David W. Christianson
Protein Structure and Function
X-ray crystallography is a powerful technique which can be used to visualize the three-dimensional structures of biologically-important macromolecules such as proteins. We use X-ray crystallography as a tool to probe and engineer the structure and function of novel proteins.
Protein Engineering of Transition Metal Binding Sites
We use the zinc metalloenzyme human carbonic anhydrase II as a paradigm for developing a rationale for the redesign of existing protein-metal binding sites as well as the design of de novo sites. We have probed the components of the zinc coordination polyhedron of carbonic anhydrase II which are important for metal affinity and function, and we have determined the three-dimensional structures of relevant variants with altered zinc binding sites. Our ultimate goal in protein design is to confer new catalytic activities upon the protein scaffolding of carbonic anhydrase II; for example, can we convert this metalloenzyme into a zinc protease or into a blue copper protein?
Structural and Mechanistic Studies of Hydrolytic Enzymes
We are interested in structural aspects of the mechanisms of hydrolytic metalloenzymes such as carbonic anhydrase II and Mn2+2-arginase. In genetic-structural studies of the carbonic anhydrase II active site, we have determined the minimum size and shape of the hydrophobic pocket required for substrate association, and we have determined the importance of hydrogen bond networks with zinc-bound hydroxide for its chemical reactivity. The structures of enzyme-inhibitor complexes yield additional insight on functionally-important residues. Upon completing the three-dimensional structure determinations of other hydrolytic enzymes such as epoxide hydrolase and juvenile hormone esterase, we will similarly probe the functional importance of active site residues through structural studies of enzyme variants and enzyme-inhibitor complexes.
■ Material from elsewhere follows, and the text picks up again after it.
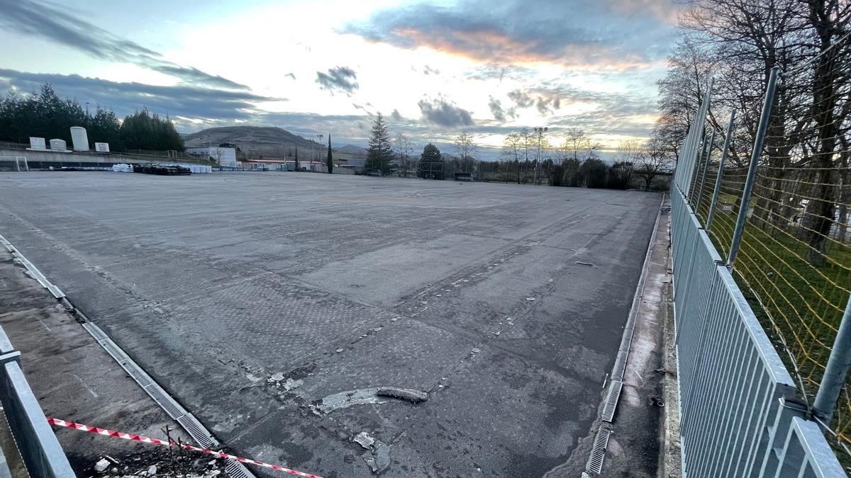 Las obras de renovación e instalación del nuevo césped artificial en el campo 3 de Olaranbe han comenzado con la retirada de la antigua superficie de juego.

Protein Inhibitors of Serine Proteases
Serpins (serine protease inhibitors) comprise a superfamily of more than forty proteins which are implicated in various regulatory cascades in vivo such as blood coagulation, fibrinolysis, complement activation, matrix proteolysis, and inflammation. Since these 45 kD proteins undergo a massive beta-sheet rearrangement during the course of their biological function, serpins are intriguing from the perspectives of protein folding as well as medical relevance. Antichymotrypsin has been engineered to be an inhibitor of human neutrophil elastase in vitro, and the engineered serpin exhibits antiinflammatory properties in vivo. We have determined the structure of this serpin, and current work focuses on a structure-assisted approach toward engineering the specificity and stability of the active serpin. Additionally, we will determine the structure of the serpin in its complex with a target serine protease, and we will also determine the structures of other members of the serpin superfamily, e.g., those involved in the pathogenesis of certain pox viruses.